Our purpose is to knock out the x part of equation two.

So our purpose is to eliminate x.

So what do I multiply -- and again, I'll do it with this matrix, because I can do it short.

What's the multiplier here?

What do I multiply -- equation one and subtract.

Notice I'm saying that word subtract.

I'd like to stick to that convention.

I'll do a subtraction.

First of all this is the key number that I'm starting with.

And that's called the pivot.

I'll put a box around it and write its name down.

That's the first pivot.

The first pivot.

Okay. So I'm going to use -- that's sort of like the key number in that equation.

And now what's the multiplier?

So I'm going to -- my first row won't change, that's the pivot row.

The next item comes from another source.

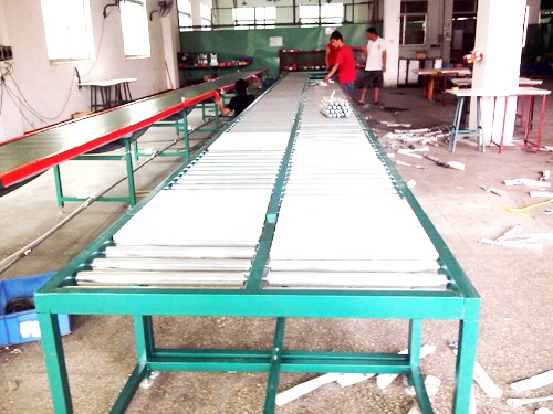 因為流水線鋁材結構的生產加工工藝流程只需開料,開洞和非常少的鈑金折彎,生產加工簡易,安裝便捷,防止了銥金結構的多工藝流程生產加工,使加工過程大幅簡化。另外緩解了很多手工制作的鈑金件勞動效率,既提升了生產率又有利于采用自動化生產方式。

But I'm going to use it -- and now, finally, let me ask you what the multiplier is.

Yes? 3 times that first equation will knock out that 3.

Okay.

So what will it leave?

So the multiplier is 3. 3 times that will make that 0.

That was our purpose. 3 2s away from the 8 will leave a 2 and three 1s away from 1 will leave a minus 2.

And this guy didn't change.

Now the next step -- this is forward elimination and that

Okay. step's completed.

Oh, well, you could say wait a minute, what about the right

hand side? Shall I carry -- the right-hand side gets carried along.

Actually MatLab finishes up with the left side before -- and then just goes back to do the right side.

Maybe I'll be MatLab for a moment and do that.

Okay.

I'm leaving a room for a column of b, the right-hand side.

But I'll fill it in later.

Okay.

Now the next step of elimination is what?

Well, strictly speaking... this position that I cleaned up was like the 2, 1 position, row 2, column 1.

So I got a 0 in the 2, 1 position.

I'll use 2,1 as the index of that step.

The next step should be to finish the column and get a 0 in that position.

So the next step is really the 3,1 step, row three, column one.

But of course, I already have 0.

Okay. So the multiplier is 0.

I take 0 of this equation away from this one and I'm all set.

So I won't repeat that, but there was a step there which, MatLab would have to look -- it would look at this number and, do that step, unless you told it in advance that it was 0.

Okay. Now what?

Now we can see the second pivot, which is what?

The second pivot -- see, we've eliminated -- x is now gone from this equation, right?

We're down to two equations in y and z.

And so now I just do it again.

Like, everything's very cursive at this -- this is like -- such a basic algorithm and you've seen it, but carry me through one last step.

So this is still the first pivot.

Now the second pivot is this guy, who has appeared there.

And what's the multiplier, the appropriate multiplier now?

And what's my purpose?

Is it to wipe out the 3, 2 position, right?

This was the 2, 1 step.

And now I'm going to take the 3, 2 step.

So this all stays the same, 1 2 1, 0 2 -1 and the pivots are there.

Now I'm using this pivot, so what's the multiplier?

this row, gets subtracted from this row and makes that a 0.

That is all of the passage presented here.